A contribution may be redesignated only if it meets both of the following conditions:
- The contribution originally could have been designated for the next plan year. That is, the sponsor made the contribution on or after the start of the plan year and before the end of the contribution grace period, and the redesignation would not give rise to an unpaid minimum required contribution for the earlier plan year.
- The sponsor made the original designation on a Schedule SB filed by Oct. 15, 2021.
The CARES Act extended the deadline for any contribution otherwise due in the 2020 calendar year to Jan. 1, 2021 (and Notice 2020-61 said contributions made as late as Jan. 4, 2021, would be deemed timely). So a 2019 plan-year contribution made by Jan. 4, 2021, may be redesignated for the 2020 plan year. Most plans haven’t yet filed their 2020 Schedules SB, but a sponsor that files by Oct. 15, 2021, may redesignate a contribution reported on that form to 2021. This option would allow shifting a Jan. 4, 2021, contribution originally designated for a 2019 calendar-year plan to the 2021 plan year in two steps.
The notice cautions sponsors that any election to redesignate a contribution for a later plan year may have implications for PBGC variable-rate premiums (VRPs). For instance, if a sponsor redesignates a 2019 plan-year contribution to 2020, then that contribution won’t count in the 2020 asset value and the sponsor may owe additional PBGC VRPs for 2020.
Example. A plan sponsor’s minimum required contribution for 2020 was $20 million before the ARPA changes. The sponsor took advantage of the CARES Act’s grace-period extension to pay all four 2020 quarterlies totaling $18 million on Jan. 4, 2021. By Oct. 15, 2021, the sponsor files a 2020 Schedule SB reflecting 15-year amortization starting in 2019 and ARPA interest rates for 2020, which reduces the 2020 minimum required contribution to $15 million. The sponsor reports all $18 million for 2020. In November, the sponsor realizes that it inadvertently missed the July 15, 2021, quarterly payment of $2 million. Because the sponsor has $3 million in excess contributions for 2020 ($18 million contributed toward the revised minimum requirement of $15 million), the sponsor may file an amended 2020 Schedule SB reporting a $16 million contribution and can attribute the remaining $2 million to 2021, thus retroactively eliminating the missed July 15 quarterly payment.

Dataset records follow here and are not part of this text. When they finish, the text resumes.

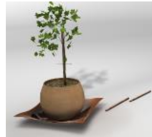
Etapas de montage de la jardinière avec ses différents éléments modulables

Une astuce en accord avec les tendances éco-responsables actuelles, puisque d'ici 2022, l'utilisation des pesticides sera interdite chez les particuliers : un bon moyen d'anticiper ! Autre atout, les pots et les tuteurs sont intégrés au support pour une prise en main facile. Tous ces éléments sont modulables et permettront de choisir la forme de la plante au fil de sa croissance.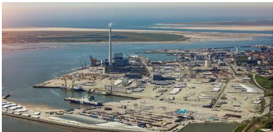
도표 7. Bladt Industries 의 덴마크 Esbjerg 생산공장 전경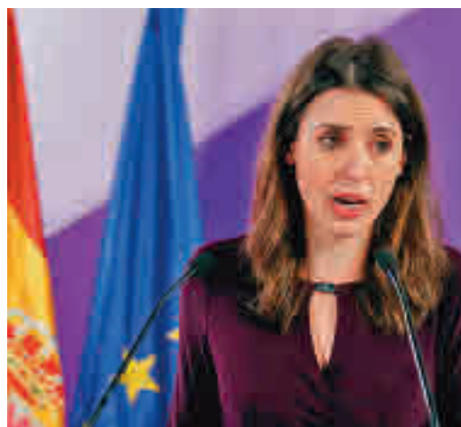
La ministra de Igualdad, Irene Montero

EL PERIÓDICO GENTE NO SE RESPONSABILIZA NI SE IDENTIFICA CON LAS OPINIONES QUE SUS LECTORES Y COLABORADORES EXPONGAN EN SUS CARTAS Y ARTÍCULOS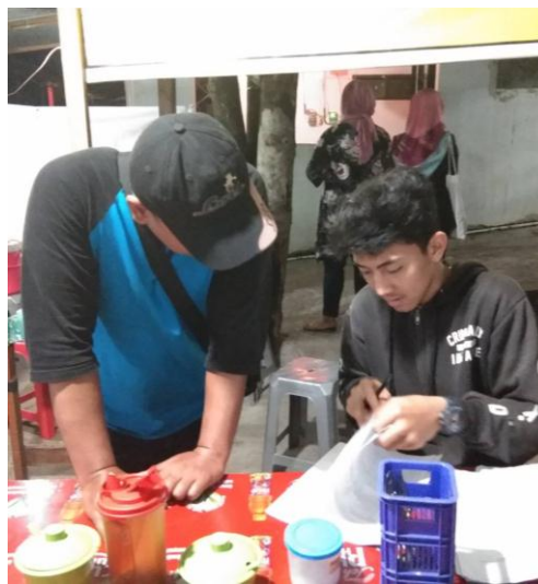
Penulis sedang melakukan pengarahan kepada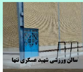
سالن ورزشی شهید عسکری تنها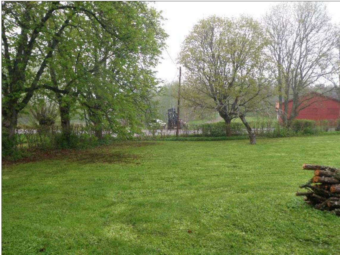
Figur 5. Kabelsträckan mot Ö.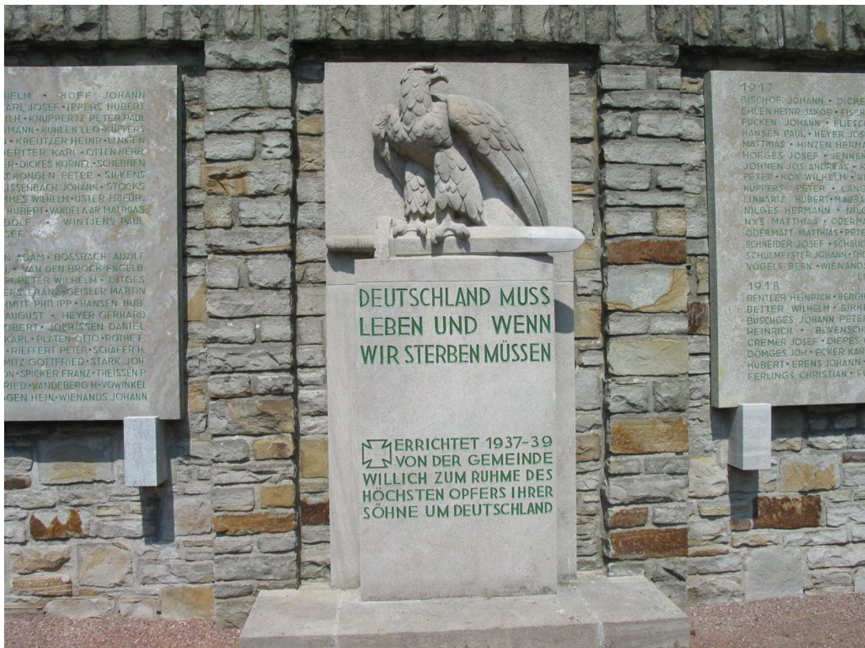
Kriegsdenkmal in Willich (bei Krefeld): Deutschland muss leben und wenn wir sterben müssen

Der Nationalsozialismus knüpfte stilistisch und inhaltlich an die Kriegsdenkmäler der 1920er Jahre an. Schon in der sogenannten ‚Kampfzeit‘ vor 1933 kopierte er den Heldenkult bei der Verehrung der sogenannten ‚Märtyrer der Bewegung‘ und inszenierte einen eigenen quasi-religiösen Kult, der beträchtlich zum Erfolg der NSDAP beigetragen hat. 10 Nach 1933 übernahm der NS-Staat in seinen Kriegsdenkmälern viele Elemente der Weimarer Zeit, spitzte sie aber aggressiv zu.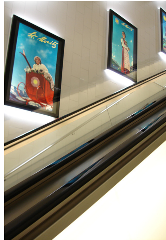
Bild Vorderseite Vorzone Parkhaus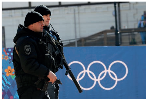
ВЫПОЛНЕНИЕ ЗАДАЧ ПО ОБЕСПЕЧЕНИЮ БЕЗОПАСНОСТИ XX ЗИМНИХ ОЛИМПИЙСКИХ ИГР В СОЧИ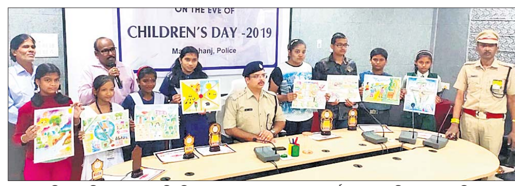
ମୟୂରଭଞ୍ଜ ଜିଲ୍ଲା ପୋଲିସ ମୁଖ୍ୟାଳୟରେ ଶିଶୁ ଦିବସରେ ସଡ଼କ ସୁରକ୍ଷା ସଚେତନତା କାର୍ଯ୍ୟକ୍ରମରେ ଏସ୍ପିଙ୍କ ସହ କୃତୀ ପ୍ରତିଯୋଗୀ।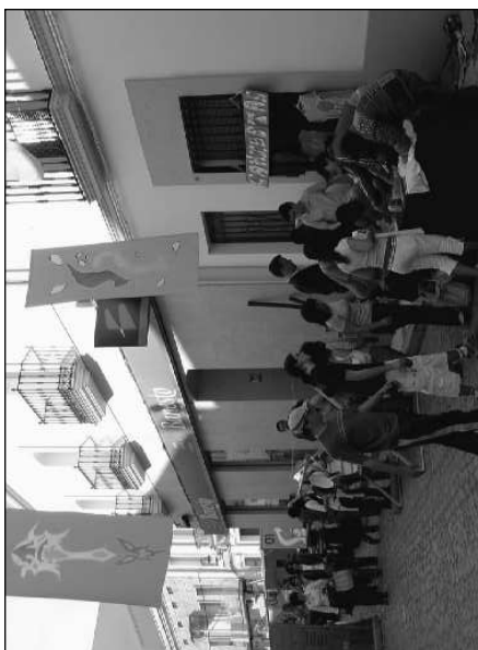
Taller de Camisetas “Guoman 06”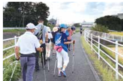
景色を楽しみながら歩きます

ポールウォーキングなどを主催しています。運動を続けると、皆さん姿勢がすっとよくなり、はつらつとしてきます。そんな変化がうれしくて、自分の栄養になっています。運動って、ただ体を動かすだけではないですね。仲間ができて、対話が生まれ、つながり合うことで人生がもっと楽しくなります。これからも続けていきますよ。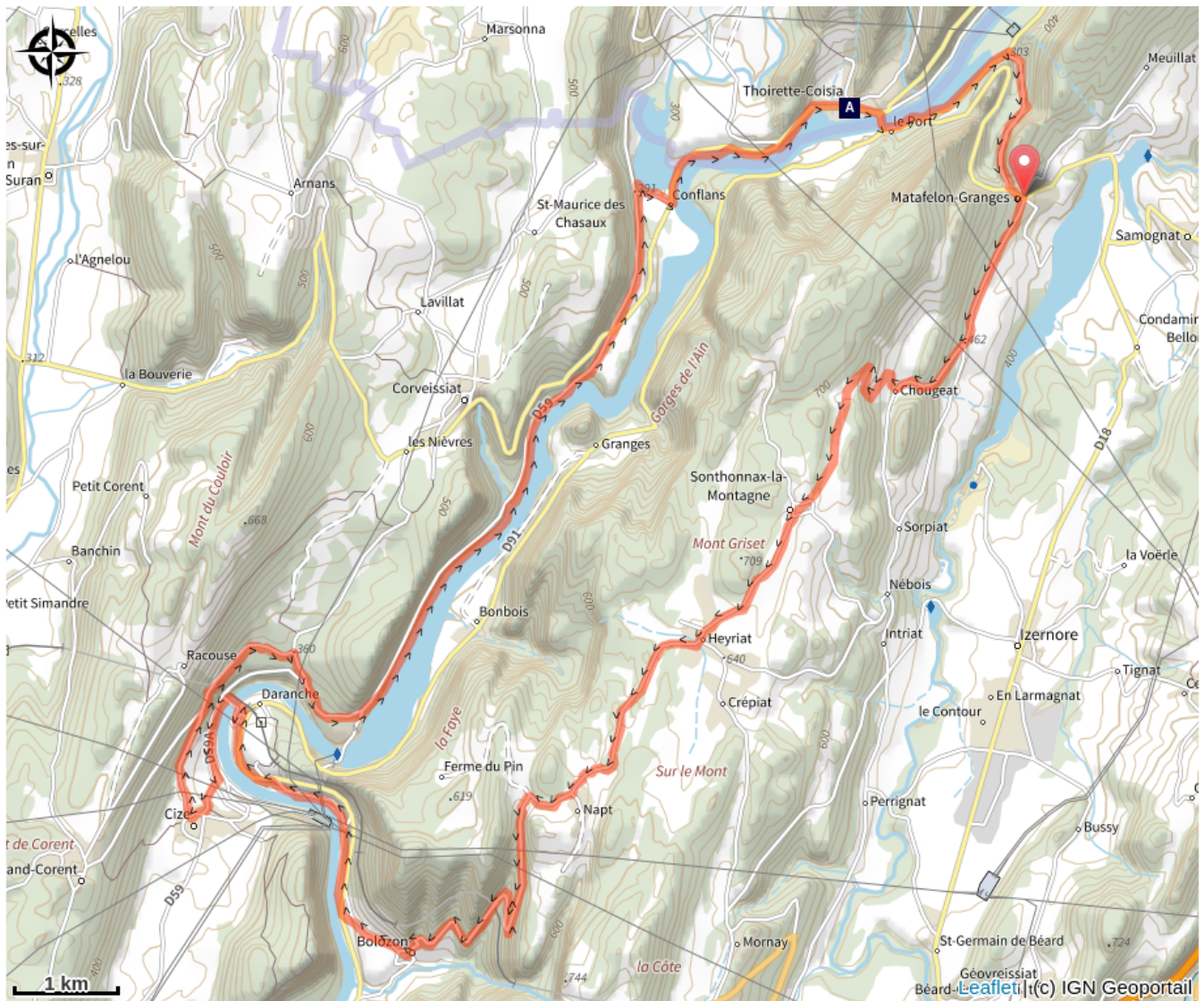
La Lône (A)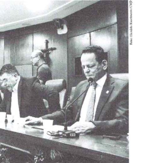
Na reunião de ontem, os vereadores apreciaram 29 matérias legislativas de autoria do Executivo e de parlamentares

A Comissão de Constituição, Justiça, Redação e Legislação Participativa (CCJ) da Câmara Municipal de João Pessoa (CMJP) votou favorável ao instrumento de fruição pública em João Pessoa, matéria do Executivo Municipal que tem o objetivo, segundo o órgão, de estimular e melhorar a oferta de áreas qualificadas para o uso público que privilegiam o pedestre e promovam atividades com valor social, cultural e econômico. O texto foi apreciado na reunião de ontem, com outras 28 matérias legislativas. De acordo com o Projeto de Lei Ordinária (PLO) nº 2117/2024, a fruição pública corresponde à área de propriedade particular localizada nos pavimentos de acesso direto ao logradouro público, destinada à ampliação da área de circulação de pedestres, não sendo de uso exclusivo dos usuários e moradores. Ainda de acordo com a proposta, as áreas poderão receber mobiliário urbano e outros tratamentos, como: área de recreação infantil, espaço para animais domésticos, fontes, espelhos d'água, estação de manutenção de bicicleta, bebedouro, quadra ou meia quadra esportiva, mesa de jogos ou de piquenique, pomar, entre outros. Os proprietários que optarem pela aplicação do instrumento de fruição pública receberão benefícios, como: a não computação, no cálculo do índice de aproveitamento, do uso não residencial do pavimento térreo; e a flexibilização do recuo frontal da edificação, respeitando as larguras mínimas das calçadas.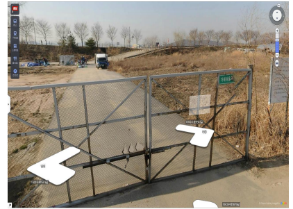
[가 래 여 울]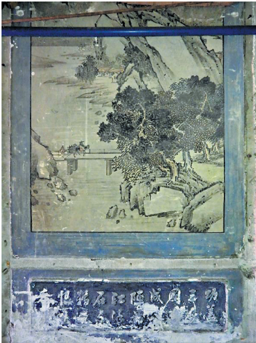
灰塑书法《八阵图》损坏严重;上面的壁画只能看到下半部分,上半部分被放杂物的阁楼遮挡,电线和水管就从画面上横跨而过

鉴于灰塑目前所处的状态,记者特意隐去钱庄的具体名字和地址,以免珍贵的历史文物遭到新的破坏。我们希望有关部门马上彻查跟进,拿出相应的保护措施。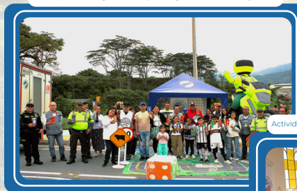
Campana de Seguridad vial paso seguro 10 Macanal, Boyacá.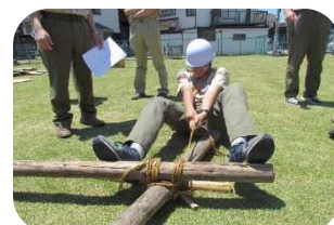
VS：パイオニアリング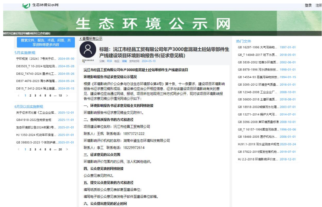
图 2 第二次网上公示截图

第十一条规定公开的信息的方式之一是通过网络平台公开，且持续公开期限不得少于 10 个工作日。因此建设单位在环保小智网站上进行了此项目的第二次网上公示，公开网址为 https://gongshi.qsyhbhj.com/h5public-detail?id=390456 ，公示截图见图 2 所示。因此，公开载体的选取是符合《环境影响评价公众参与办法 生态环境部令 第 4 号》第十一条的规定。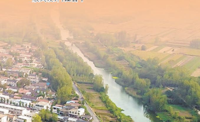
本版统筹：卞民德 本版责编：叶琦 王莹欣 版式设计：汪哲平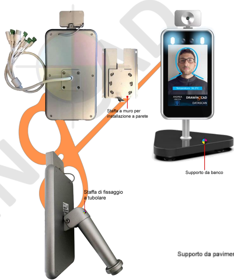
Staffa a muro per installazione a parete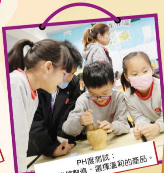
PH度測試： 測試酸鹼數值，選擇溫和的產品。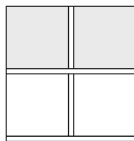
Versione con 2 ante e 2 cassettoni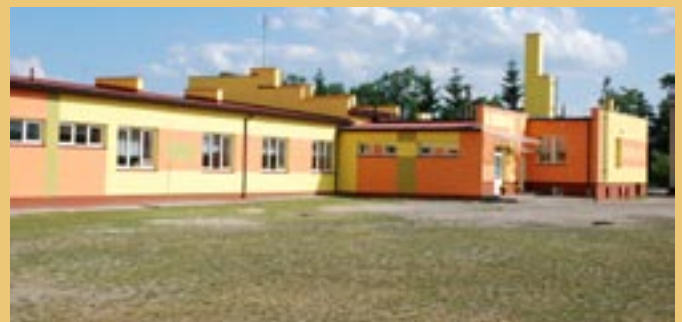
Nowa elewacja SP w Moskurni.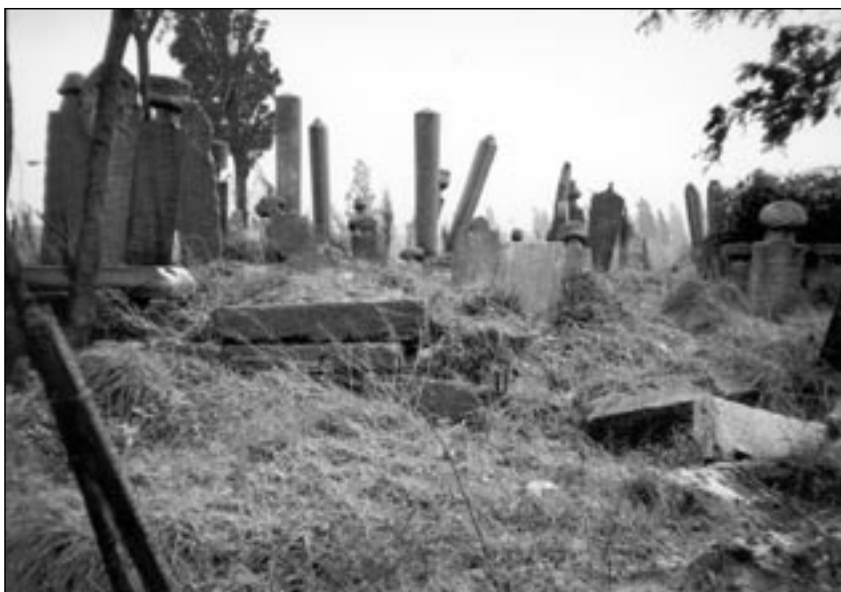
Starý hřbitov za cařihradskými městskými hradbami. Náhrobky, popsané arabským písmem, pocházejí z doby pozdní Osmanské říše – v dnešní Turecké republice se píše latinkou.

Když ho o více než tisíc let později, druhý den pádu Konstantinopole, definitivního zániku tisícileté Východořímské říše a více než dva tisíce let starého Římského impéria, následoval sultán Mehmed Dobyvatel, vzhlédl k drobcím se opěrným zdím, praskající klenbě a pomalu chátrajícím mozaikám a poprvé v životě si prý uvědomil, jak je život pomijivý a žádná stavba ani říše nemůže být věčná. Každý návštěvník pocítí oba názory současně. Hagia Sofia je neuvěřitelně velká a neuvěřitelně krásná, a je také velice zchátralá. Vstoupíte-li pomalu a tiše (jak jen to návaly turistů dovolí) po vzoru byzantských císařů a osmanských sultánů Císařskou branou (nikdo jiný takto dovnitř vstoupit nesměl), na cestu svítí barevné mozaiky z oken chrámu, reflektory osvětlují zbytky fresek na „nebeské“ klenbě, ohromí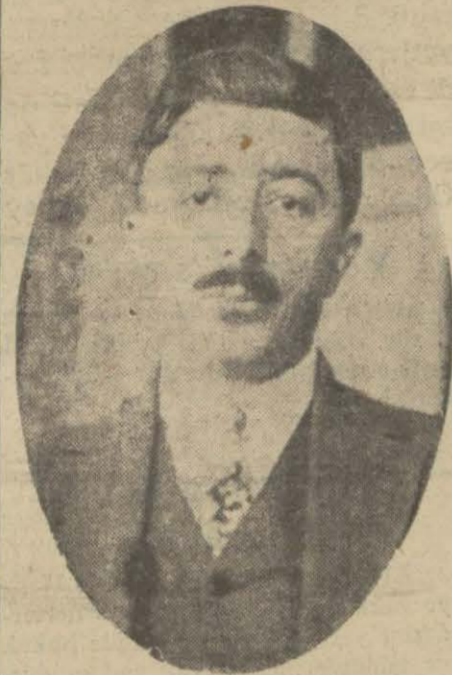
Devlet Bankasında vazife derubte edeceğinden namzet gösterilmeyeceği rivayet edilen Trabzon meb'usu Şefik Bey

Namzetler arasında beş çiftlik sahibi ile Zonguldak madenlerinde, imalat harbiyede ve fabrikalarda çalışan bazı amele de vardır. Meclis 4 mayısta fevkalâde iktimaa davet ediliyor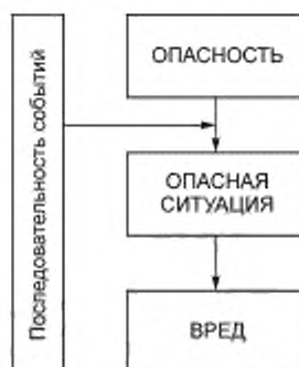
Рисунок А.1 — Взаимосвязь между последовательностью событий, ВРЕДОМ и ОПАСНОСТЬЮ

Согласно определениям в ИСО 14971, ОПАСНОСТЬ не может привести к вреду до тех пор, пока последовательность событий или других обстоятельств (включая условия нормального применения) не приведет к возникновению ОПАСНОЙ СИТУАЦИИ (см. рисунок А.1). Эта последовательность событий может включать как единичные события, так и комбинации событий. Приложение D.2 ИСО 14971 дает представление об ОПАСНОСТЯХ и ОПАСНЫХ СИТУАЦИЯХ. Приложение Е ИСО 14971 дает представление о примерах ОПАСНОСТЕЙ, прогнозируемых последовательностях событий и ОПАСНЫХ СИТУАЦИЯХ.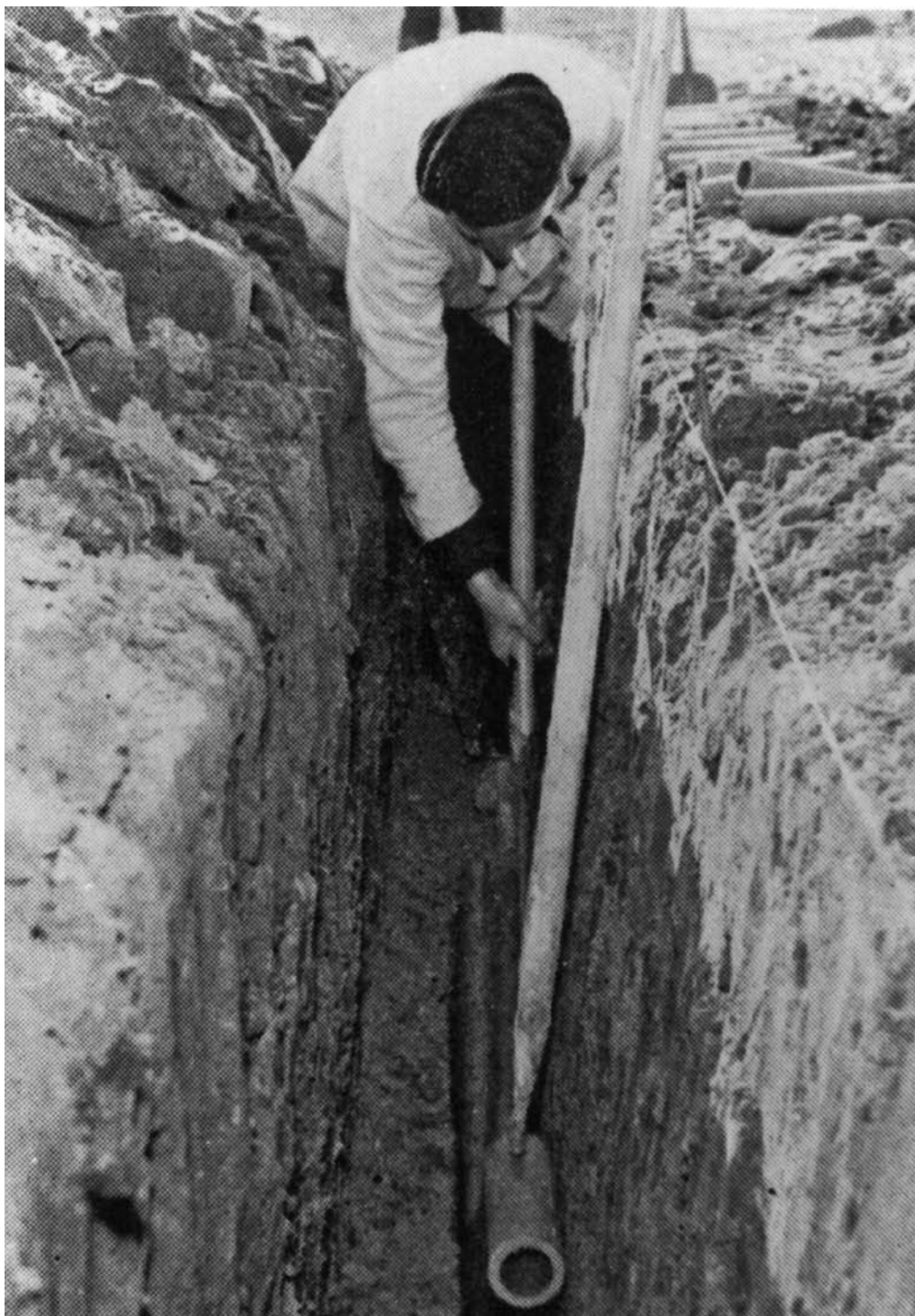
Figuur 5: Het leggen van de drainbuizen volgens de 'Groninger methode'.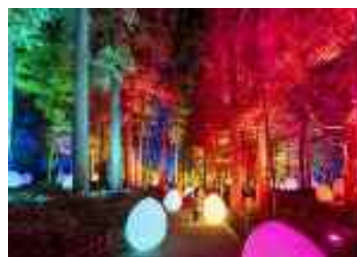
偕楽園とデジタルアート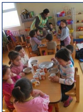
Dans le réfectoire

Des repas sont donnés aux enfants, le matin, le midi et au goûter. Les aliments sont variés afin de s'assurer que tous les besoins nutritifs sont couverts. Il s'agit des carbohydrates, protéines, matières grasses, vitamines et minéraux, eau. Les enfants doivent grandir et être en bonne santé. La nourriture est préparée et servie par l'équipe de cuisiniers du village de yourtes.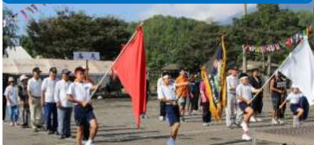
小・中・地域が一体となった教育活動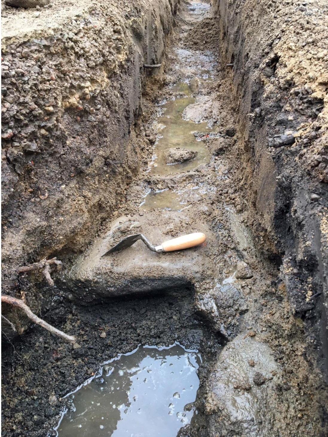
Fig.3 – Parti av framrensad stenläggning öster om kyrkan.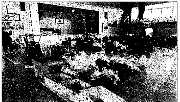
児童・大人により拾われたゴミ。小学校体育館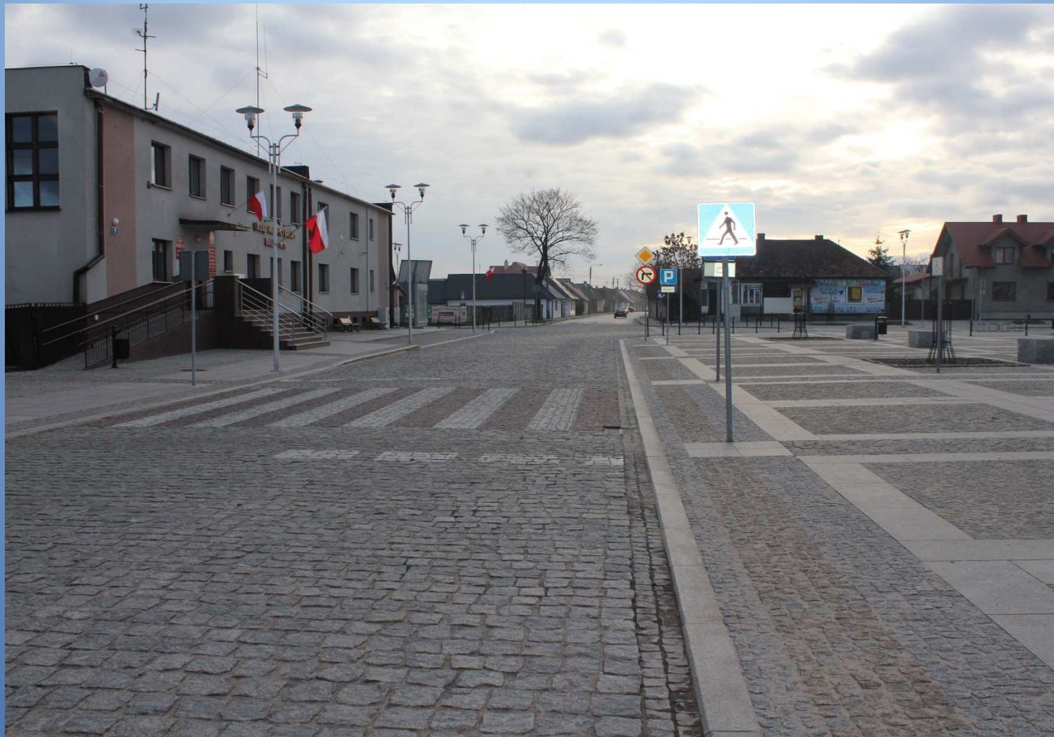
m. Daleszyce droga nr 764 - Rynek po rewitalizacji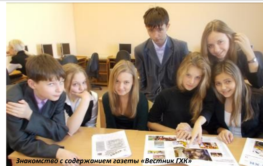
Знакомство с содержанием газеты «Вестник ГХК»

Опытные журналисты мечтают показать одаренным детям Железногорска, как просто и интересно писать статьи, брать интервью, формировать посты в блогосфере. Занятия предполагают анализ профильных интересов учащихся, встречи с о специалистами в области различных направлений деятельности

Redesignating contributions to an earlier plan year
Although Notice 2021-48 does not allow contributions already reported on a Schedule SB to be redesignated for an earlier plan year, this type of redesignation is possible for contributions not yet reported on a Schedule SB. For example, a contribution originally intended for the 2020 plan year, but not yet reported on the 2020 Schedule SB — because that form has not yet been filed — could instead be reported on an amended 2019 Schedule SB. This strategy might be useful for contributions made during the 2019 plan-year grace period (extended to Jan. 4, 2021, for calendar-year plans) and no longer needed to satisfy the 2020 minimum required contribution.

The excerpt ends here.